While a war of words broke out between the Congress party and the UP Government, an estimated 1000 buses are said to have been put into action to ferry migrant workers from various regions like Punjab, Haryana and Rajasthan to their home-regions and villages with adherence to guidelines like social distancing. Coming to display an amount of sensitivity after seeing the seemingly unstoppable mass migration, many state governments have directed its authorities to provide as much help as possible. They have been directed by the respective state governments to provide migrants with food and water. District magistrates have been told to look into the process of addressing the pressing needs of the migrants. In a rare feat, Punjab finance minister flagged off 80 (PRTC and PUNBUS) buses to Nanded in Maharashtra to safely retrieve about 3500 sikh pilgrims stranded at the Hazur Sahib gurudwara. Having two drivers per bus, each bus carried 30 passengers as per the social distancing norms laid down by the government. Sanitisation of the buses was resorted to as per the norms laid down as well.
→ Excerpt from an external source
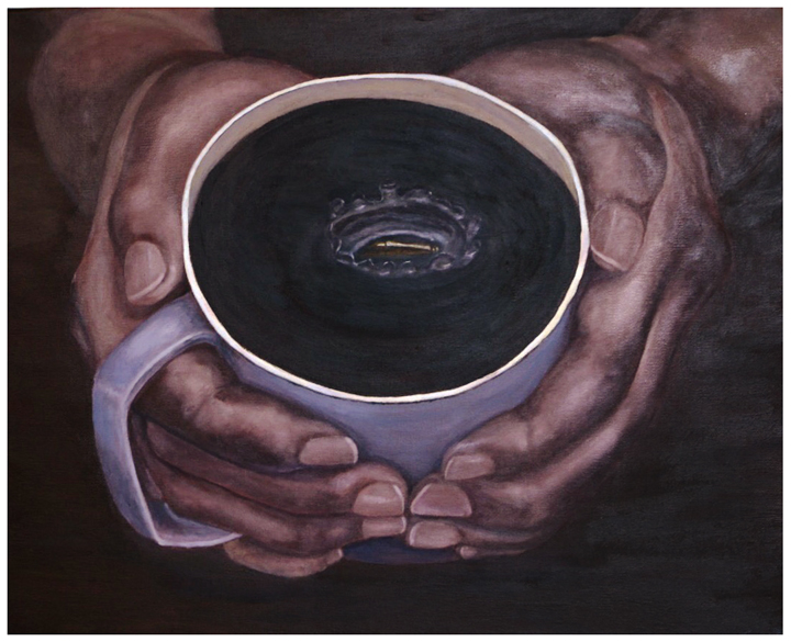 I had to make some statement though, so I decided to keep painting and the title came immediately…‘A Cozy Morning in Aleppo’. It’s meant to be ironic when you’re in a major city of a war stricken country. There’s no coziness for it’s citizens-young, old, weak, or strong, but perhaps for one brief moment in a tiny corner of dark solitude one can feel a false sense of ease, but only for a moment. I wanted to capture that moment. The hands holding a cup of morning joe create a deformed heart shape. The bullet in the center drops into the cup held by the heart-shaped hands. The bullet is meant to be the irony in this short tranquil scene. It’s just plain wrong, but it is what it is.

Many states arranged for buses to bring back students stranded at various locations in the country. Kota in Rajasthan, which has come to be a centre for students attempting civil services exams, saw many buses from various states arriving to fetch their students. Delhi is known to have sent some 40 buses. Some 70 buses are known to have been arranged by Maharashtra. Uttar Pradesh is known to have arranged some 250 buses to Kota. To ferry migrant workers and their families, a number of private buses are known to have plied between Maharashtra, Andhra Pradesh, Telangana and a few other states to places like Uttar Pradesh, Bihar and Jharkhand.
As the fourth phase of the lockdown gets over, many private and public bus operators are looking at restoring their services. While players like SRS Travels of Bangalore has put in place a queue system at its stops to adhere to social distancing guidelines and issued a note for each passenger to ensure health safety when travelling on its buses, most private and public bus operators are known to be chalking plans to ensure strict following of health safety guidelines in the post-lockdown scenario. Attention is on how the situation improves, the Covid-19 drops, and trade and other activities gain force. The good part is, most bus operators are confident of people coming back to them after the lockdown is over to address their travel needs.